Tuesday, March 22, 2011

Amos' Vision

Walking the main path through Boi Town and Kpellemue during the early morning hours and dusk hours is like going to a small town grocery store just after 5 p.m. It’s hard for me to get very far before running into someone. One day I stopped to talk with middle-aged man caring a bundle of sticks on his head. He let me try it out. The load must have weighed over 50 pounds, as I could barely make it up the hill. Somewhat amused, he took it off my hands and continued on his hour-long trek.

On several occasions I also ran into Joseph, a young man about my age walking village to village to sell medicines in order to save money for college. On average he estimates that he walks about five hours a day.

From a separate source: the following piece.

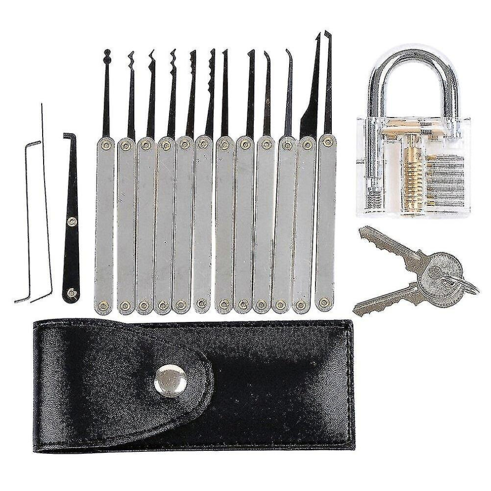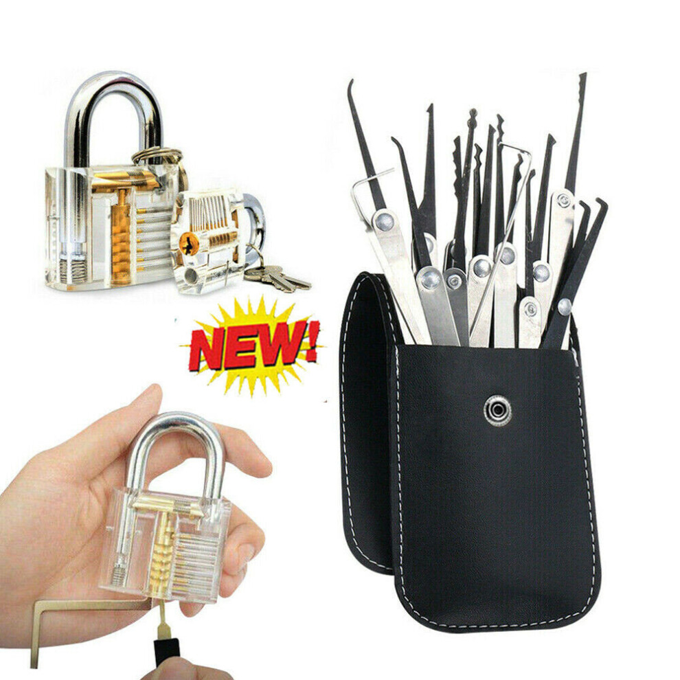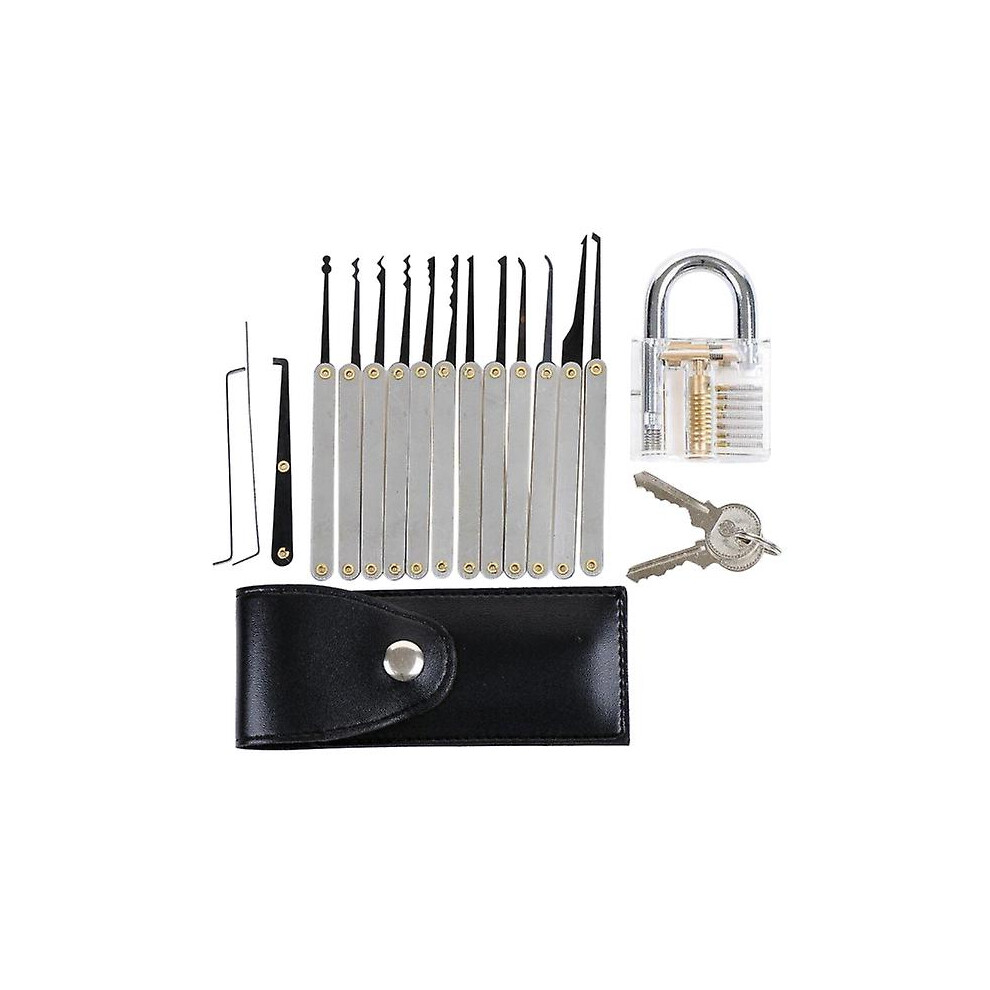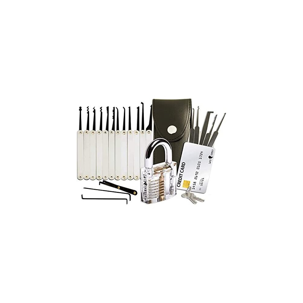 19-Piece Transparent Padlock Practice Set - Lock Pick Training Kit with 15 Picks, 1 Transparent Lock, 2 Keys & Leather Case

Then there’s Jacob. A friend of mine who’s often around the farm, I asked him to charge my phone. The village is off the grid, so he had to go in town. The transport to get there and back, at 40 Liberian dollars, was almost the same cost of actually the phone. Assuming you walk, that’s a half day of work you’ve missed.

I met many shopkeepers in the village, such as Niepoo, who kept me satiated with the delicious, peanut buttery Liberian snack, kanyah. Others sold small consumable items like matches and cigarettes. But I only met one entrepreneur (or maybe more accurately, one entrepreneurial family). This was Amos, who I’ve previously mentioned briefly.

Amos is an elementary teacher at a nearby school that I took a half day to visit, and almost every afternoon you can find him on his porch, in his dusty Florida Marlins hat and running shorts, working on tomorrow’s lesson plan. He’s one of the few people in the village with a concrete home and one of even fewer who have completed high school. His responses to questions can be slightly curt, but at the same time he’s a bit of a jokester. In his spare time he works on his rubber and rice farms, and recently has been vaccinating children in the village for polio on behalf of the World Health Organization. His wife, Framadah, runs the only “restaurant” in town, and is a local to Kpellemue (Amos is from out of town). Amos explained that she didn’t get very far in school – he tried to teach her the ABC’s and she only got to K – but she’s quite the shrewd businesswoman.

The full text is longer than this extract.